Shropshire SOS

Graham Hill 1

As one of the country’s most popular shows hits the county, we find out about some of the local businesses who came to the rescue in DIY SOS.

Whether or not you’re a fan of DIY SOS, you might want to tune in this May, as one episode of the renovation show with a difference will have a Shropshire flavour. Nick Knowles and his crew architects visited Hopesay near Craven Arms to help out an ex-firefighter, Joe, and his daughter, Lucy. The show, which comes to the aid of a deserving home-owner to remodel their home, put a call out for local businesses to help out, and Wenlock Spring’s Amy Caine was one of those who got in touch. Amy explains, ““I contacted the BBC saying we’d provide water for all the workers… for tea coffee and to drink. We covered a water cooler n bricks to get all the workers smiling!”

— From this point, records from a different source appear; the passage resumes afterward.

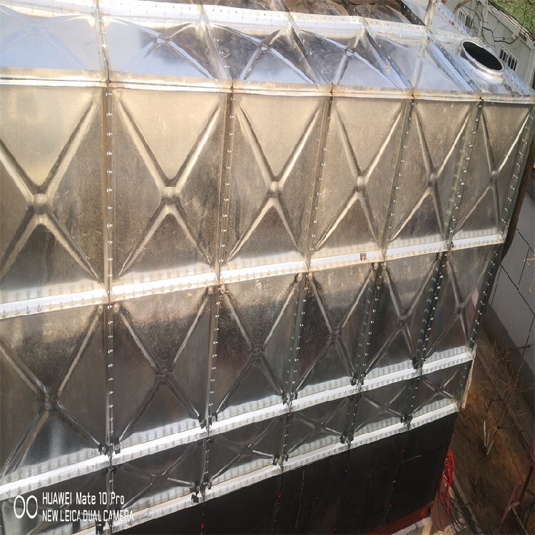 鍍鋅鋼板水箱采用鋼板,沖壓形成的標準塊,周邊鉆孔,經(jīng)鍍鋅處理,現(xiàn)場進行組裝,組裝時標準塊之間硅膠密封,螺栓連接。
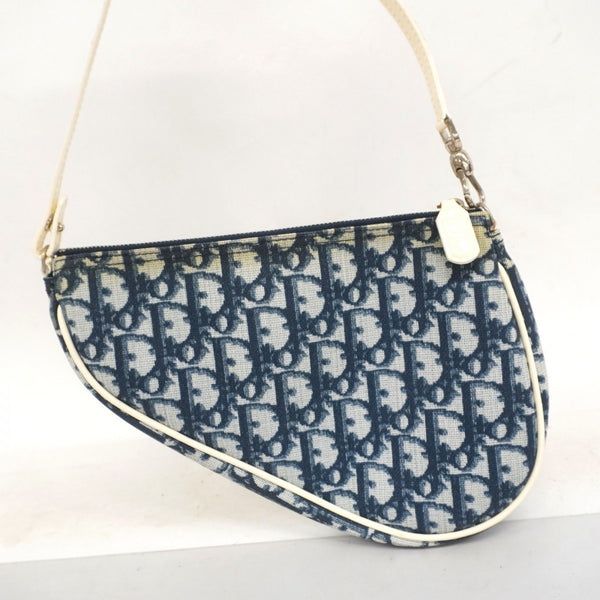 Christian Dior Trotter Saddle Handbag Navy White Women\'s
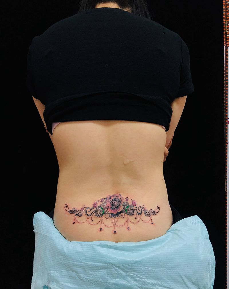后腰蕾丝花纹身图片_腰部新传统纹身图案
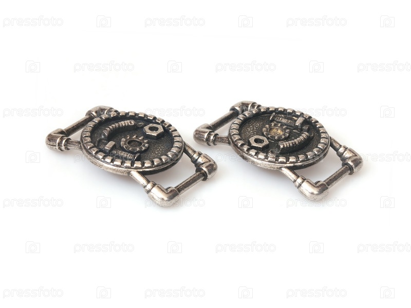 Металлическая ремневая запорка в стиле Steampunk с шестернями и трубами, изолированными на белом фоне, чрезвычайно высокое разрешение
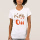 The material is a great quality that is hard to find with most tee shirts. Fabric was not see-through or thin at all, but was also very soft and comfortable. The shirt description states that it runs a little small, so I sized up one size for a perfect fit! I would definitely buy this type of tee shirt again because I love the fit and high quality fabric that I cannot find anywhere else. The printing was perfect and just as pictured. Loved the cute quote and really enjoy the tee in both the quality and design. I love quirky typography designs and funny quotes and I am extremely pleased with the overall quality and value I get at Zazzle!
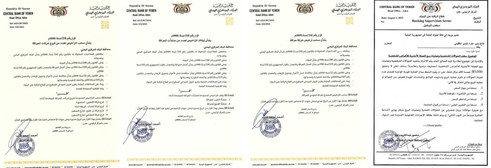 في حين نص القرار الثالث على سحب التراخيص الممنوحة لفروع شركات ومنشآت الصرافة التالية، بتهمة مخالفة أنظمة وتوجيهات البنك ، وهي فرع شركة القطيبي – المنصورة، فرع شركة الحديد - البريقة – إنماء ، فرع شركة بن علوي - شارع التسعين ، فرع شركة المفلحي - شارع التسعين.
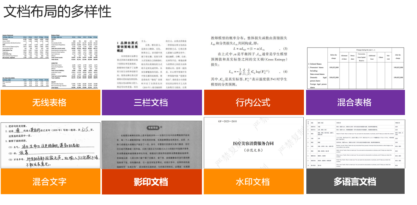 其次,文档布局的多样性也是企业知识库构建面临的主要技术挑战之一。不同文档的布局特征差异显著,这对知识库系统的解析与信息提取能力提出了更高要求。
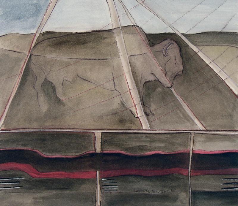Canadian ASA, RCA [b. 1942] BUFFALO LODGE; 1980 mixed media on paper 13.75 x 15.75 in. (35 x 40 cm) signed, titled & dated Provenance: Estate of Helena Hoogerheide, Calgary
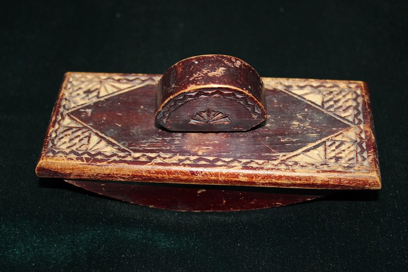 - один из нескольких предметов письменного набора, представляющий собою полукруглый брусок с рукояткой сверху и с прикрепляемым снизу листком промокательной бумаги; служит для промокания написанного.
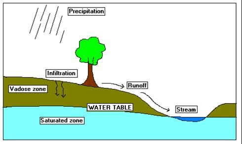 This diagram shows how water moves across land to gather in streams. It can even soak through the ground to form collections of water underground. What is the best definition for the word infiltration?
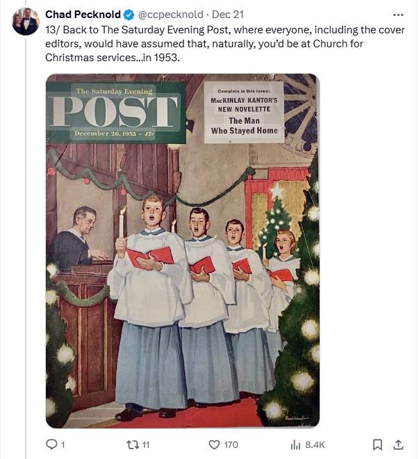 Quay lại The Saturday Evening Post, nơi mọi người, bao gồm cả biên tập viên trang bìa, đều cho rằng, tất nhiên, bạn sẽ đến Nhà thờ để dự lễ Giáng sinh… vào năm 1953.
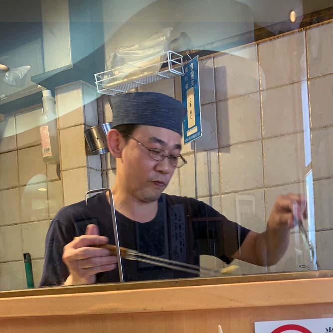 写真4-1は,笑庵の「野菜天ざる」。蕎麦は2・8、天ぷらは揚げたて。写真4-2は、天ぷらを揚げる店主。注文して店内を見回していると「韃靼そば」のチラシがありました。気づくのが遅すぎました。

Amy says that, despite the high-pressure environment, the workers kept Joe and Lucy in their sights as they strove to meet the targets. Joe’s wife and Lucy’s mother Jessica had died from leukaemia just six weeks after Joe had to stop his job as a firefighter because of an injury sustained while driving the fire engine. Joe put his all into doing up their run-down home, but as it progressed, he realised just how much there was to do. A stream ran under the house and had to be diverted… and Joe’s money ran out while he and Lucy were still living in a caravan. Two neighbours put in a call to the BBC – and presenter Nick and team came to the rescue in February.

Several other businesses from the Bridgnorth area also got involved, including Darwin Glass and Glazing, and Graham Hill Flooring.

Rob Hall, a director at Graham Hill, told WW!, “We supplied and fitted around 70sqm of carpet, underlay, gripper and door strips – plus labour to install the lot. Three of us went along – myself, Tom Homer who’s one of our flooring specialists, and Chris Fell, my new apprentice.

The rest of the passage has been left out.